For other signals of revolution, look no further than the ballot box. Despite numerous exhortations from the likes of International Monetary Fund officials and U.S. President Barack Obama, voters in the United Kingdom could not be persuaded to reject Brexit. “Today, too many people in positions of power behave as though they have more in common with international elites than with the people down the road, the people they employ, the people they pass on the street,” Teresa May, the new British prime minister, declared a few months after the vote in what rings as a recrimination of Davos Man. “But if you believe you are a citizen of the world, you are a citizen of nowhere. You don’t understand what citizenship means.”

Then came the U.S. presidential election. Elites were so sure Hillary Clinton would win that PaddyPower, a betting platform, paid out “winnings” to people who had gambled on the former secretary of state’s future before ballots were even cast. The confidence was driven partly by Clinton’s polling numbers, but it also reflected a collective disbelief that voters would ever choose the crude nationalism displayed by Donald Trump’s campaign.
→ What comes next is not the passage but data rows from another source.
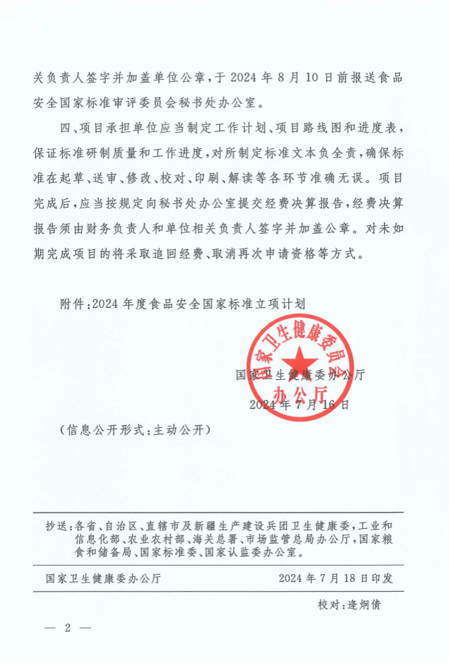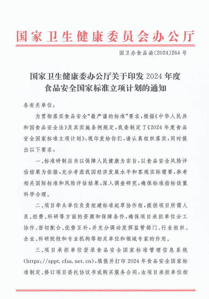 7月29日,食品安全标准与监测评估司正式发布《国家卫生健康委办公厅关于印发2024年度食品安全国家标准立项计划的通知》,由多家单位联合主持的共35项食品安全国家标准正式立项。其中,我校作为第五单位共同主持《食品添加剂 淀粉磷酸酯钠》和《食品添加剂 磷酸酯双淀粉》两项国家标准的制修订工作。
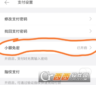 第三步:在“支付设置中”找到“小额免密”,点击打开。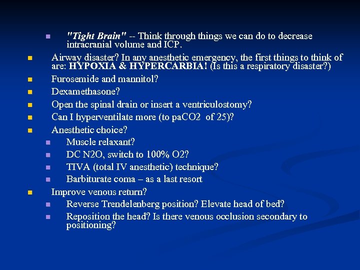 "Tight Brain" -- Think through things we can do to decrease intracranial volume and ICP. Airway disaster? In any anesthetic emergency, the first things to think of are: HYPOXIA & HYPERCARBIA! (Is this a respiratory disaster? ) Furosemide and mannitol? Dexamethasone? Open the spinal drain or insert a ventriculostomy? Can I hyperventilate more (to pa. CO 2 of 25)? Anesthetic choice? Muscle relaxant? DC N 2 O, switch to 100% O 2? TIVA (total IV anesthetic) technique? Barbiturate coma – as a last resort Improve venous return? Reverse Trendelenberg position? Elevate head of bed? Reposition the head? Is there venous occlusion secondary to positioning?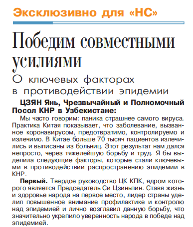 2020年3月24日,乌人民言论报刊登驻乌兹别克斯坦大使姜岩就中国抗疫经验接受的专访。

Of course, voters did. And while Trump is nominally a Republican and certainly ranks in the wealthy set, his worldview has proved directly opposed to that of Davos Man: The president-elect wants to erect trade barriers, reduce immigration, and meddle in corporate decisions. He does not just want to “Make America Great Again.” He wants to put America, himself, and his allies first.

Similar ideas are spreading across continental Europe. In December, 59 percent of Italian voters rejected a set of constitutional reforms proposed by Prime Minister Matteo Renzi, forcing him to resign; as with Brexit, this seemed to represent a howl of rage against globalization. When voters went to the polls in Austria the same day that Italians did, they chose between a right-wing populist and a former Green Party chief. Centrists, who had dominated the country’s politics in the recent past, were knocked out in an earlier vote. The Netherlands has Geert Wilders. France has Marine Le Pen. Nationalists are getting louder and more popular in Germany, too.

What could send the pendulum swinging back toward the surety of progress — toward everything Davos Man represents? It would require slashing income inequality; making governments more transparent, deft, and accountable; curbing migration flows; boosting economic growth and employment; making corporate giants and banks less powerful; and narrowing the information gap between elites and everyone else. That’s a wildly tall order, though. Don’t bet on it happening anytime soon — not when the Middle East is slipping deeper into conflict, advancing technology continues to wipe out swaths of middle-class jobs, people keep being uprooted by disasters and shrinking opportunities, and aging populations make it hard to unleash dynamic growth.

At the very least, the elites who fall under the banner of Davos Man can take a small collective step by showing more humility: a recognition that they do not have exclusive rights to — nor are they always right about — the future. As Tony Blair, former prime minister of the United Kingdom, noted during a December conference in Washington, D.C., leaders must take seriously the unease of their citizens. “People are insecure and anxious,” Blair said. “They see their communities and societies around them changing.”

Turkeys do not vote for Christmas, as they say, and elites are never going to reject the promise of globalization, in 2017 or any other year. But to stop the trust gap from widening and the ballot-box revolt from spreading and getting nastier, they need to use their resources, including their swanky gathering in the Swiss Alps, to talk hard truths. Otherwise, Davos Man may face a frosty death.

In the meantime, he should brace for a turbulent year. We all should.